Clause 1 to 6 are entirely new, enabling the Secretary of State to set long-term (at least 15 year) “environmental targets” in respect of any matter which relates to (a) the natural environment or (b) people’s enjoyment of the natural environment. At least one target must be set in each of the following priority areas: air quality; water; biodiversity, and resource efficiency and waste reduction. A target in relation to particulate matter in ambient air must also be set. The Secretary of State must take independent advice before setting targets, must be satisfied that the target can be met and there are restrictions on his ability to lower the target. Draft statutory instruments containing the targets must be laid before Parliament by 31 October 2022. There are provisions in relation to reporting and regular reviews of the targets.

Interim targets must be set out in the environmental improvement plans which the Secretary of State must prepare pursuant to clauses 7 to 14 (which largely reflect the draft).

As per the draft, the Secretary of State must prepare a policy statement on environmental principles, which he must be satisfied will contribute to the improvement of environmental protection and sustainable development. The list of “environmental principles” is reduced to the following:

(a) the principle that environmental protection should be integrated into

the making of policies

(b) the principle of preventative action to avert environmental damage

(c) the precautionary principle, so far as relating to the environment

(d) the principle that environmental damage should as a priority be rectified at source, and

(e) the polluter pays principle.

The following were in the draft but no longer appear:

⁃ the principle of sustainable development

⁃ the principle of public access to environmental information

⁃ the principle of public participation in environmental decision-making, and

⁃ the principle of access to justice in relation to environmental matters

I get why the principle of sustainable development has been removed from the list and made an overarching requirement (and I support that as otherwise we would have risked detailed principles set out in a policy statement that may have conflicted with the NPPF, although I wonder how the overarching requirement will be interpreted without further explanation), but why the removal of those Aarhus Convention principles?

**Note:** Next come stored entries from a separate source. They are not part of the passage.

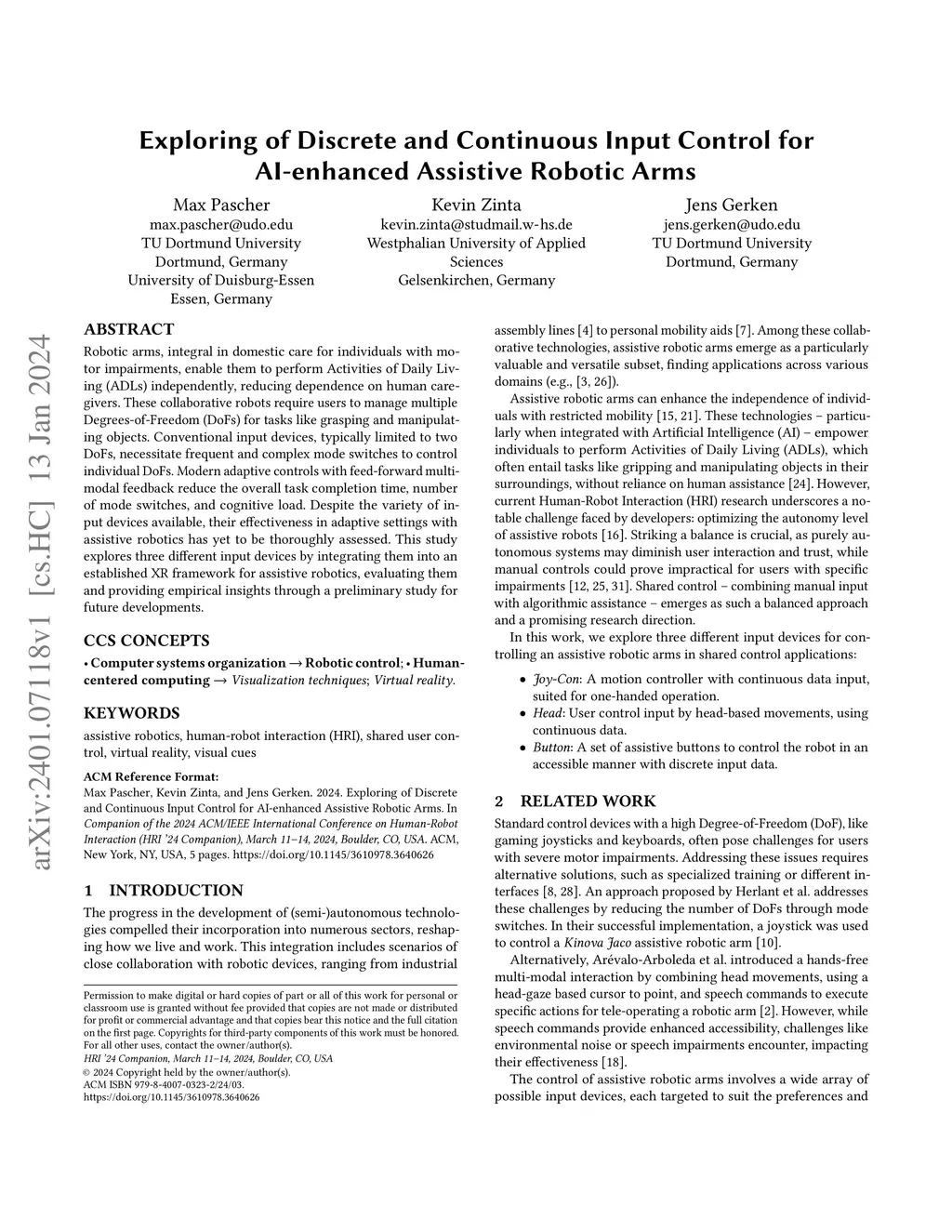 Assistive Robotic Arms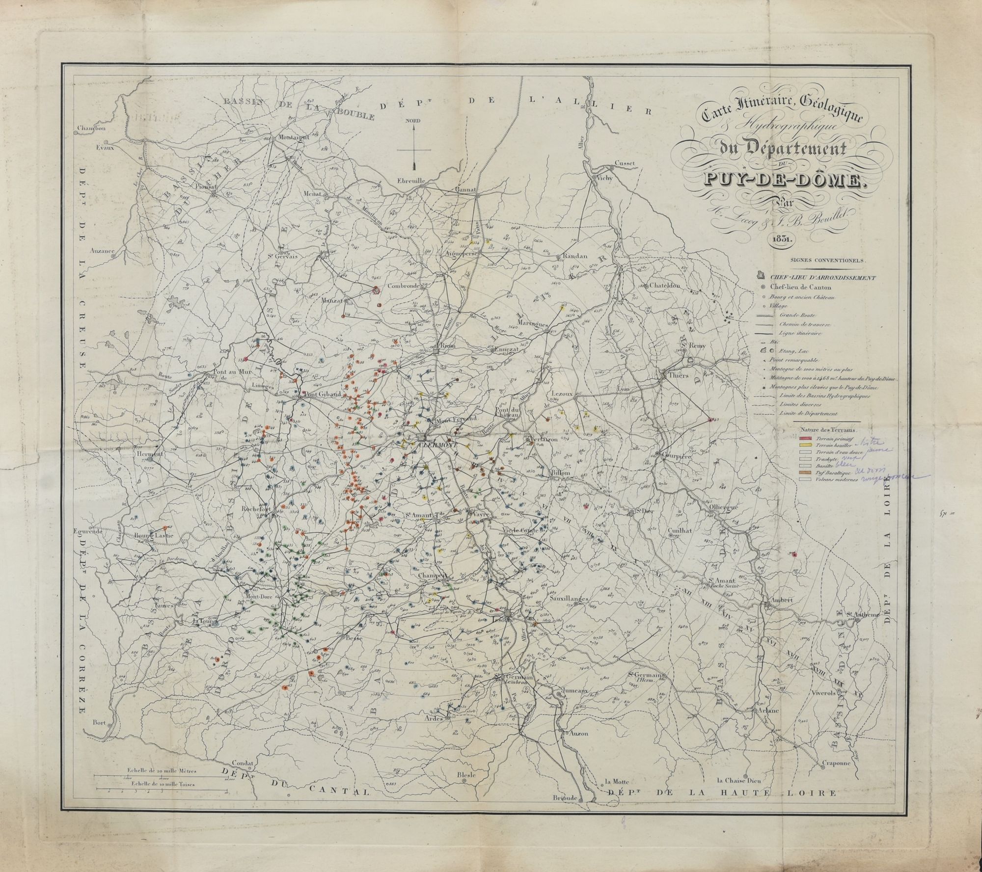28 J 1/14, "Carte itinéraire, géologique, hydrographique du département du Puy-de-Dôme, par H. Lecoq et J.-B. Bouillet. 1831". - 49 x 55 cm.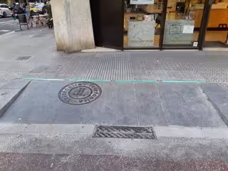A l'encreuament de Travessera de Grcia amb el carrer Muntaner s'ha installat una franja de llums LED a la vorera, davant del pas de vianants, que reprodueix a terra el color del semfor vertical per alertar els transeünts.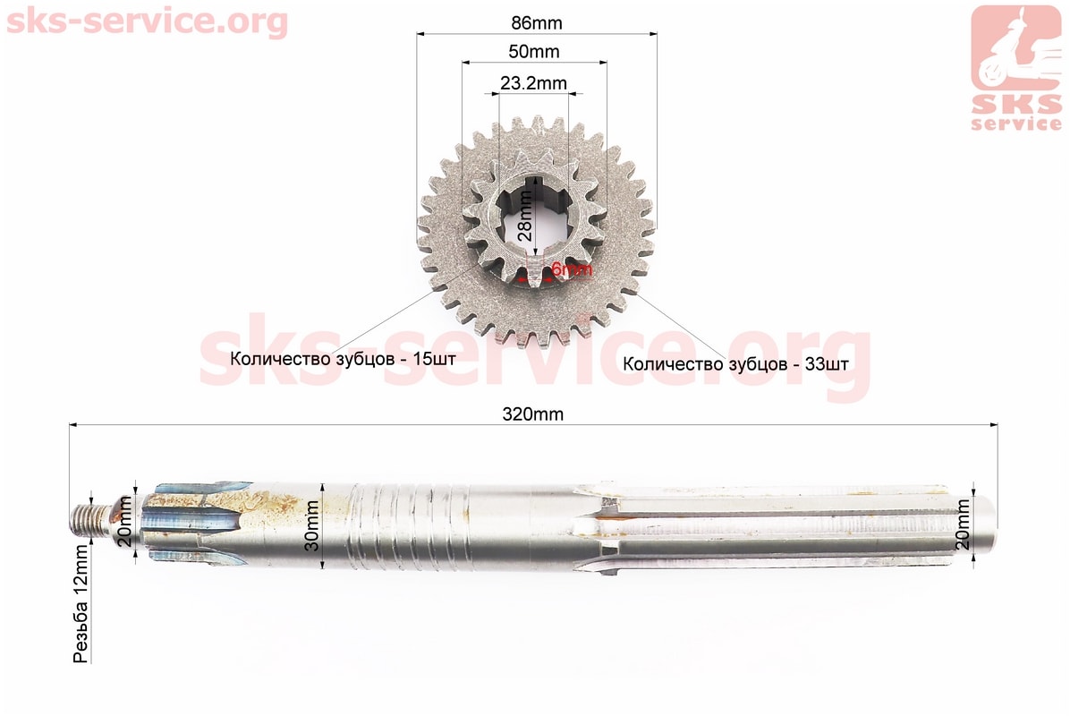 КПП - Вал первинний 320mm+шестерня Z-15x33 81-1 M175/195N (Viper) (2785389)

Government ministers were to be required to “have regard” to the policy statement. As explained in the Government’s Response, this has been beefed up to “have due regard”. I hadn’t appreciated that this was a higher legal threshold but will bow to others. There is still surely a question as to whether this is strong enough.

The principal objective of the Office for Environmental Protection and exercise of its functions is now set out, as “to contribute to –

(a) the protection of the natural environment, and

(b) the improvement of the natural environment”.

One of my concerns as to the potential scope of the OEP’s operations was that it might get drawn into individual planning disputes. The Government addresses this in its Response:

We agree, however, with the core of the Committee’s comments around avoiding the OEP becoming inundated with complaints relating to local matters. This is not our intention. Clause 20(7) in the Bill introduced today (formerly clause 12(4)) already directs the OEP to prioritise cases with national implications. We believe this already guards to a significant extent against the Committee’s concerns regarding the OEP having to take on too many complaints relating to local matters or being at too much risk of challenge over its own judgements. However, we have considered this matter further, and have now amended the Bill to provide that the OEP’s enforcement policy must set out how it intends to determine whether a failure to comply with environmental law is serious for the purpose of subsequent clauses (clauses 20(6)(a) and (b) in the Bill introduced today). This should provide greater transparency in relation to the OEP’s approach to the meaning of the term “serious”, and guard against this further.”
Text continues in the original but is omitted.